Method 2: Force delete annotation:

kubectl annotate database myapp dbops.dbprovision.io/force-delete="true"
# Resource will be deleted on next reconciliation
# Note: if the resource has children, you must also confirm the cascade — see deletion-protection docs

Method 3: One-liner (spec-based only):

kubectl patch database myapp -p '{"spec":{"deletionProtection":false}}' && kubectl delete database myapp

Resource Stuck in Terminating

Check for DeletionBlocked events:

kubectl describe database myapp | grep -A5 "Events:"

Check finalizers:

kubectl get database myapp -o jsonpath='{.metadata.finalizers}'

If operator is running, disable protection:

kubectl patch database myapp -p '{"spec":{"deletionProtection":false}}'

If operator is down (emergency only):

# WARNING: Bypasses cleanup logic, may leave orphaned database objects
kubectl patch database myapp -p '{"metadata":{"finalizers":null}}' --type=merge

Namespace Stuck Deleting

Find protected resources blocking deletion:

# Spec-protected resources (Database, Instance, Grant, BackupSchedule)
kubectl get databases,databaseinstances,databasegrants,databasebackupschedules -n my-namespace \
  -o jsonpath='{range .items[?(@.spec.deletionProtection==true)]}{.kind}/{.metadata.name}{"\n"}{end}'

# Annotation-protected resources (User, Role)
kubectl get databaseusers,databaseroles -n my-namespace -o json | \
  jq -r '.items[] | select(.metadata.annotations["dbops.dbprovision.io/deletion-protection"]=="true") | "\(.kind)/\(.metadata.name)"'

Also check for dependency blocks (resources with children that block deletion even without protection):

kubectl get databases,databaseusers,databaseroles,databaseinstances -n my-namespace \
  -o jsonpath='{range .items[?(@.status.conditions[?(@.reason=="DependenciesExist")])]}{.kind}/{.metadata.name}{"\n"}{end}'

Force delete all protected resources:

for kind in database databaseuser databaserole databasegrant databasebackupschedule; do
  for name in $(kubectl get $kind -n my-namespace -o name 2>/dev/null); do
    kubectl annotate $name -n my-namespace dbops.dbprovision.io/force-delete="true" --overwrite
  done
done

# Wait for cascade confirmation hashes to appear, then confirm them
sleep 5
for kind in databaseinstance database databaseuser databaserole; do
  for name in $(kubectl get $kind -n my-namespace -o name 2>/dev/null); do
    HASH=$(kubectl get $name -n my-namespace -o jsonpath='{.status.deletionConfirmation.hash}' 2>/dev/null)
    if [ -n "$HASH" ]; then
      kubectl annotate $name -n my-namespace dbops.dbprovision.io/confirm-force-delete="$HASH" --overwrite
    fi
  done
done

CockroachDB Issues

Connection Failed in Insecure Mode

Error: password authentication failed

Cause: CockroachDB insecure mode doesn't support passwords.
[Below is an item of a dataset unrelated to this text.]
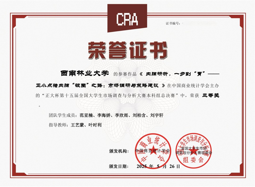 正大杯第十五届全国老员工市场调查分析大赛省级奖
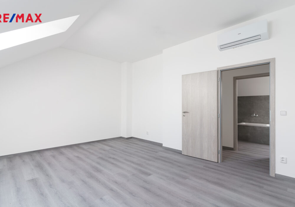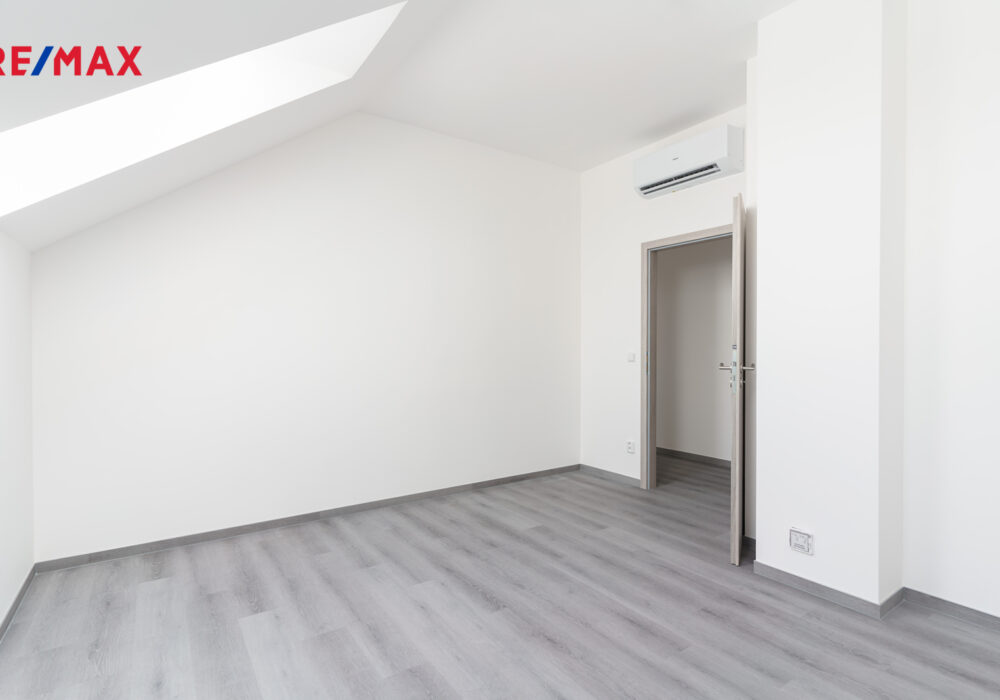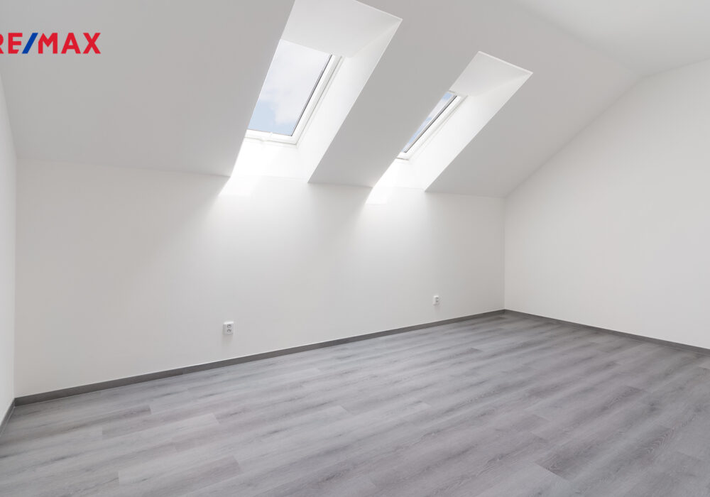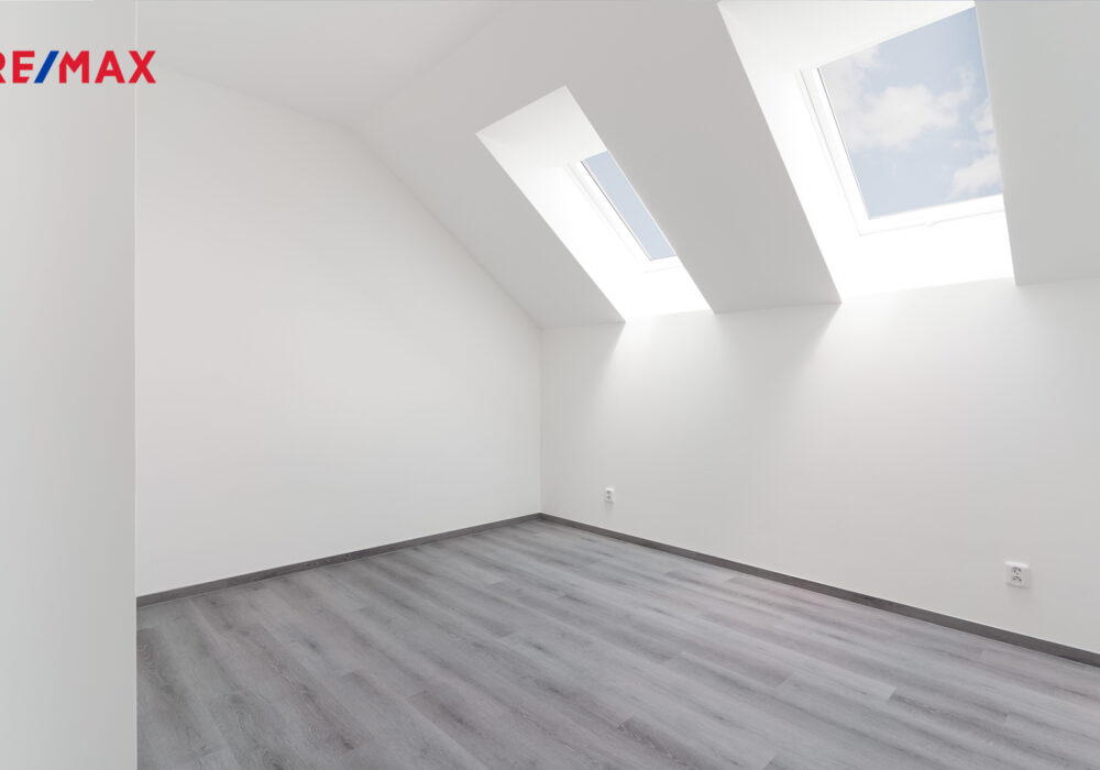 2. NP (54,93 m²) disponuje prostornou ložnicí, dětským pokojem, koupelnou s WC a dvěma šatnami.

Solution: Use empty password in secret:

apiVersion: v1
kind: Secret
metadata:
  name: cockroach-admin-credentials
type: Opaque
stringData:
  username: dbprovision_admin
  password: ""  # Must be empty

Verify insecure mode:

kubectl exec -it cockroachdb-0 -- cockroach sql --insecure -e "SHOW CLUSTER SETTING server.host_based_authentication.enabled;"

Cannot Create User with Password

Error: password is not supported in insecure mode

Cause: Attempting to create user with password on insecure cluster.

Solution: The operator automatically handles this. Users are created without passwords in insecure mode.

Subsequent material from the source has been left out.